SUPREME COURT OF OREGON


June 17, 1964

GEORGE K. CHARD, APPELLANT,
v.
PETE RIOS AND EDITH RIOS, HUSBAND AND WIFE, AND GLORIA SNELL, RESPONDENTS

Roger B. Todd, North Bend, argued the cause for appellant. On the brief were Flaxel, Todd & Flaxel, North Bend.

John Foss, Coos Bay, argued the cause for respondents. With him on the brief were McKeown, Newhouse & Johansen, Coos Bay.

En Banc. McALLISTER, C. J., and Rossman, Perry, Sloan, O'connell, Goodwin and Denecke, JJ. Sloan, J., dissents.

Rossman

[238 Or Page 75]

ROSSMAN, Justice. This is an appeal by the plaintiff, George K. Chard, from a judgment which the circuit court entered in favor of the three defendants after it had sustained a motion made by them for an order of involuntary nonsuit. The action was based upon our automobile guest statute. ORS 30.115. The plaintiff swore that he was a guest in the car which brought about his injuries and which was driven at that time by the defendant, Gloria Snell. The car was owned by the mother and stepfather of Miss Snell and was a family use vehicle.

The accident occurred November 15, 1962, at about 5 to 6 p. m. A drizzling rain was falling and the visibility was poor. Cars were burning their lights at that time, including the two that were involved in the accident -- the Snell car and the Anthony car with which it collided. The place of the accident was about eight miles south of Coos Bay at the intersection of

[238 Or Page 76]

Oregon State Highway No. 42 and a county road known as Delmar Road. The state highway, which has four lanes and is hard-surfaced, lies north and south; Delmar Road is a two lane gravel road lying east and west. The car driven by the defendant, Miss Snell, and in which the plaintiff was riding as a nonpaying guest was proceeding in an easterly direction on Delmar Road approaching the intersection of that road with the state highway when the accident occurred At the moment when the Snell car entered the intersection the Anthony car, proceeding south in the most westerly lane of the state highway, was approaching the intersection. The speed and other features of the operation of that car have not been criticized.

Before entering the intersection, Miss Snell did not stop her car, although to her right there stood a stop sign. As Miss Snell approached the intersection, her view along the highway to her left was obscured by an embankment and brush.

A private road enters Delmar Road from the north about 30 or 40 feet from the place where Delmar Road enters the highway. Apparently, Miss Snell had entered Delmar Road from this private road. One of the witnesses testified that he saw her car standing still at that place. Thus, about 30 or 40 feet from her entry into the highway Miss Snell had stopped her car. When she entered the highway her speed was about five to ten miles an hour. She 'hesitated,' so a witness swore, before she drove into the highway. Evidence indicates that after the accident Miss Snell told a friend, 'I should have listened to Kenny -- he told me to stop.' By the name 'Kenny' she referred to the plaintiff.

Miss Snell had been in this intersection several

[238 Or Page 77]

times in the past, but had never driven a car in it. She believed that she had seen the stop sign upon a prior occasion, but thought that it was too far to the right to attract adequately a driver's attention. ORS 483.128 renders it the duty of drivers to obey traffic signs.

Williamson v.

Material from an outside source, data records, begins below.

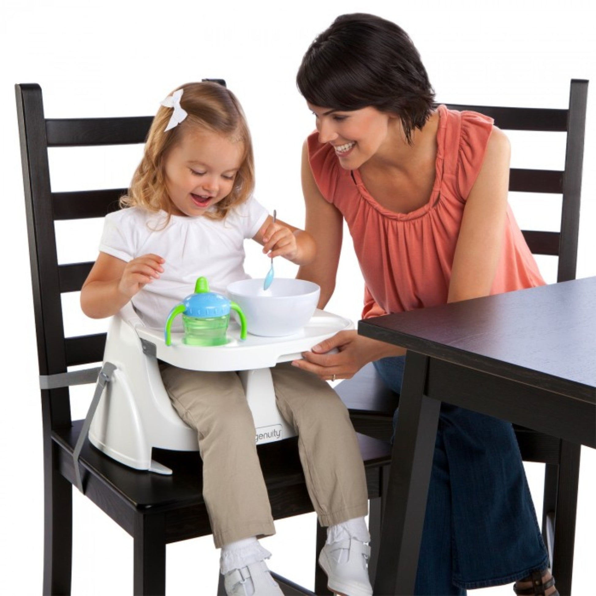 The Ingenuity Baby Base 2-in-1 Booster Seat easily attaches to dining chairs so your baby can sit up higher and see more during family dinners. This portable baby feeding seat works just as well sitting with you at the table or as a floor seat during playtime. The removable tray gives your baby her own perfectly sized table, so snacks or toys are easily within reach. When not in use, the tray conveniently tucks away right underneath the booster seat itself. As your baby grows, you can remove the foam seat insert and convert the baby booster into a toddler seat. For all those meals in between, you can count on the wipeable seat and dishwasher-safe tray to leave you more time for family catch-up and less for kitchen clean-up.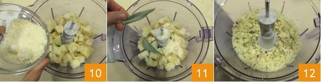 Gebt die altbackenen Brotwürfel in einen Mixer, fügt den geriebenen Grana Padano 10 und die Salbeiblätter hinzu 11 und mixt kurz, bis eine eher grobe Konsistenz erreicht ist 12.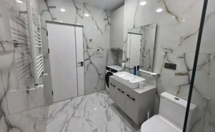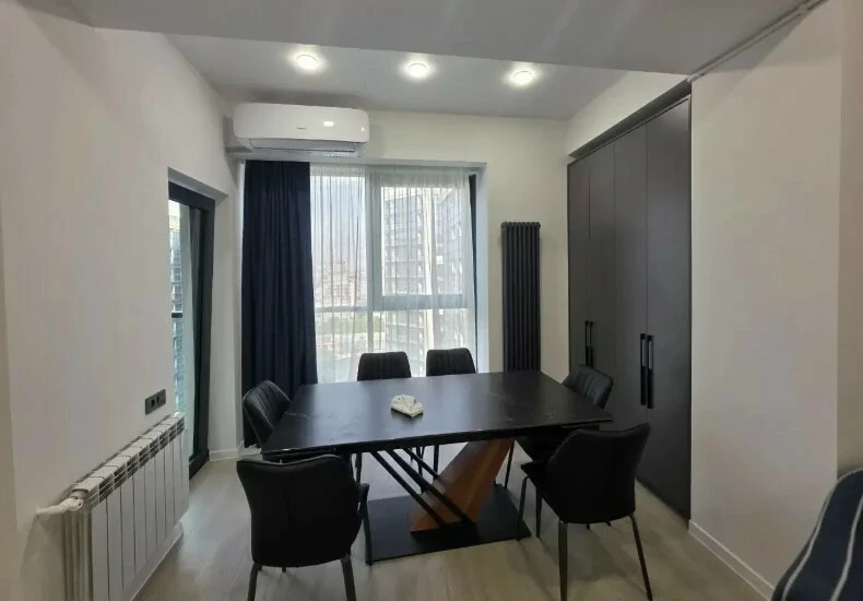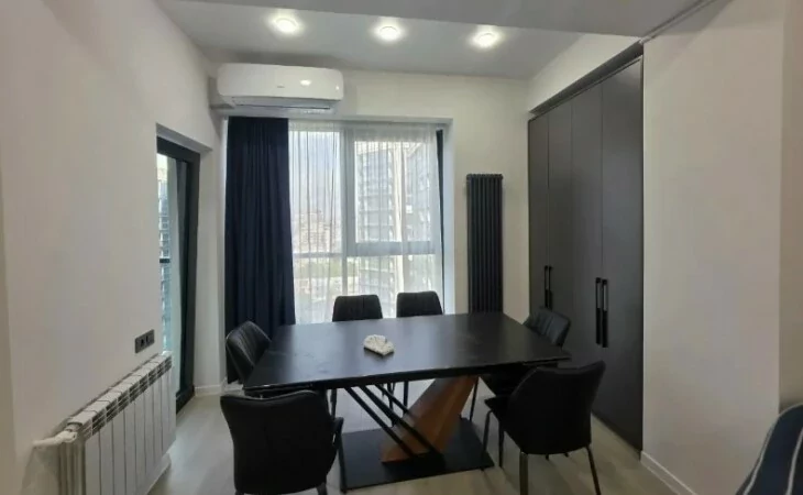 Продаётся трёхкомнатная квартира в районе Комитас. Меблированная, с ремонтом, кондиционером, холодильником, плитой, стиральной машиной. Вид во двор.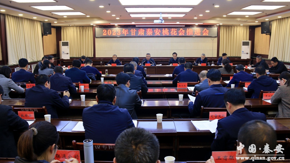 会上,县委常委、宣传部部长常乐解读了2023年甘肃秦安桃花会总体方案重点内容、汇报了桃花会开园仪式和重点文化活动筹备进展情况;县委常委、统战部部长扇忠瑜汇报了首届高质量发展智库论坛筹备进展情况;县政府副县长车晓珍汇报了招商引资项目推介会及汽车展销活动进展情况;县政府副县长杨成汇报了农产品展销活动筹备情况。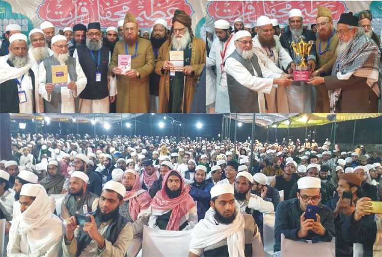 دیوبند، رکن رابطۂ عالم اسلامی مکہ مکرمہ و سابق صدر شعبۂ قراءت دارالعلوم دیوبند قاری ابوالحسن اعظمی کے تلامذہ اور محبین نے عظیم محفل قراءت اور قاری صاحب کے اعزاز میں گزشتہ شب عیدگاہ کے میدان میں اعزازی پروگرام کا انعقاد کیا۔ اس موقع پر ملک بھر کے قراءحضرات اور مؤقر علماءکرام نے شرکت کی۔ پروگرام کا آغاز تلاوت کلام پاک سے ہوا۔ اس موقع پر دارالعلوم وقف دیوبند کے مہتمم مولانا محمد سفےان قاسمی نے اپنے تحریری پےغام میں کہا کہ قاری ابوالحسن اعظمی کا فن قراءت میں درک اور اس حوالے سے خدمات شکر رب کے ساتھ ساتھ قدر افزائی کے متقاضی ہیں۔ انہوں نے کہا کہ میں دعاءگو ہوں کہ اللہ تعالیٰ موصوف کی فنی خدمات کو شرف قبولیت سے نوازتے ہوئے ان کے لئے اور جملہ مستفیدین کے لئے وسیلۂ نجات بنے۔ دارالعلوم دےوبند کے نائب مہتمم مولانا عبدالخالق مدارسی نے اپنے تحریری پےغام میں کہا کہ قاری صاحب کی شخصےت خدمت علم و فن کے حوالے سے تعارف و توصیف سے بالاتر ہوچکی ہے۔ اتنی طویل اور عظیم خدمات جس کی دورِ حاضر میں تو کےا ماضی قریب و بعید میں بھی کوئی مثال نہیں۔ انہوں نے کہا کہ ان کی علمی خدمات نے برصغیرہی نہیں عالم اسلام سے بھی اعتراف کرالےا جس کا بین ثبوت رابطۂ عالم اسلامی مکہ مکرمہ کی جانب سے پورے اعزاز کے ساتھ اساسی رکنیت ہے۔ مولانا مدراسی نے کہا کہ صرف اےک فن میں ایک سو چھتیس (۶۳۱) کے قریب اتنی عظیم تعداد کتب و دیگر موضوعات بے شک آپ کا کوئی ہمسر نہیں۔ یہ اسی حقیقت ثابتہ ہے کہ موافق تو موافق ہے مخالف کے لئے بھی اعتراف کے بغےر چارہ نہیں۔ انہوں نے کہا قاری صاحب کی ذات متقدمین اور اربابِ علم و فن کا واضح نمونہ ہی نہیں بلکہ کئی صدیاں اسی ہمہ جہت شخصےت کی مثال پیش کرنے سے قاصر ہیں۔ قاری محمد صدیق صاحب سانسرودی صدر شعبہ قراءت وتجوید دارالعلوم فلاح دارین ترکےسر گجرات نے کہا کہ قاری صاحب کے دماغ کو اللہ تبارک و تعالیٰ نے عقل و دانش کے چراغ سے منورکیا ہے۔ آپ کے قلب کو حقیقت آشنا اور صالح افکار و خےالات کا حامل بنایاہے۔ انہوں نے کہ قاری صاحب کی زندگی میں بہت سے ایسے مشکل مراحل آئے جس کی وجہ سے ان کی ملازمت کا چراغ بھی گل ہوتا دکھائی دےنے لگا، لےکن آپ نے پروردگار کی رزاقےت پر ےقین رکھتے ہوئے کسی بھی حاکم کی دہلیز پر اپنی خودداری کو سجدہ نہیں کرنے دیا۔ انہوں نے کہا کہ قاری ابوالحسن کا رشتہ قلم و قرطاس سے بہت پرانا اور مسلسل ہے جس کا دنےا کے اربابِ علم و فضل اعتراف کرچکے ہیں۔ انہوںنے کہا کہ سماج کے باصلاحےت افراد کا اعزاز ہونا چاہئے اور اےسے پروگراموں میں شرکت کرکے ہمیںکچھ سیکھنے اور کام کرنے کا حوصلہ بھی ملتا ہے۔ قاری ابوالحسن اعظمی قرونِ اولیٰ کی صفات سے مالامال مل ہیں۔ دارالعلوم دےوبند کے رکن شوریٰ ماسٹر انظرحسین مےاں نے کہا کہ مولانا موصوف تجوید و قراءت کا روشن چراغ ہیں۔ حضرت قاری صاحب منکر المزاج، بلند اخلاق، ہمدرد، غمگسار، مہذب و مہمان نواز، معاملات کے کھرے، نہاےت نفیس طبیعت اور اعلیٰ اخلاق کے حامل ہیں۔ انہوں نے کہا کہ قاری صاحب نے محنت، تحقیق و جستجو کی جتنی منزلیںطے کی ہیں اور اس فنِ قراءت مےں تنِ تنہا جو کارہائے نمایاں انجام دئےے ہیںوہ ایک مثال ہیں۔ انہوں نے قاری صاحب کے تلامذہ کو بھی مبارک باد پےش کی کہ انہوں نے اپنے استاذ کے اعزاز مےیںیہ کامےاب پروگرام منعقد کےا ہے۔ مسلم پرسنل لاءبورڈ کے رکن اور معروف عالم دین مولانا ندیم الواجدی نے کہا کہ قاری ابوالحسن تجوید و قراءت کی دنیا ایک ایسا نام ہے جس کے ارد گرد عظمتوں کا ہالہ بنا ہوا ہے۔ آپ علم و ادب کا کوہِ ہمالہ، عظمت و رفعت کا نشان، فضائل و کمالات کا مخزن، دیدہ وری اور دانشوری کا عنوان، علم و قلم کا دھنی، تقویٰ و طہارت کا پےکر ابوالحسن اعظمی کا نام آتے ہی یہ صفات عملی شکل میں ذہن کے ارد گرد گردش کرنے لگتی ہیں۔ انہون نے کہا کہ قاری صاحب سے میںرا بڑا قدیم رشتہ ہے اور وہ بڑے بااخلاق اور باوضع انسان ہیں۔ آج قاری ابوالحسن اعظمی کے اعزاز میں جو محفل سجائی گئی ہے وہ ایک نوانی باعظمت اور یاد

McKenna, 223 Or. 366, 354 P.2d 56, found that gross negligence and recklessness are composed of the same ingredients and have the same meaning. That decision gave to the term 'gross negligence,' as it occurs in ORS 30.115, the meaning found in ยง 500, Restatement of the Law of Torts. After it had done so, the Williamson decision sought to clarify the definition thus adopted by stating in part:

'* * * Ordinarily, one who, through momentary thoughtlessness, relaxes his vigilance for the safety of others is not grossly negligent. Brock v. Waldron, supra [127 Conn. 79, 14 A.2d 713]; Prosser on Torts (2d ed.) pp. 151, 152. Or, as it is sometimes said, gross negligence consists of something more than inadvertence. Keefer v. Givens, supra [191 Or. 611, 232 P.2d 808].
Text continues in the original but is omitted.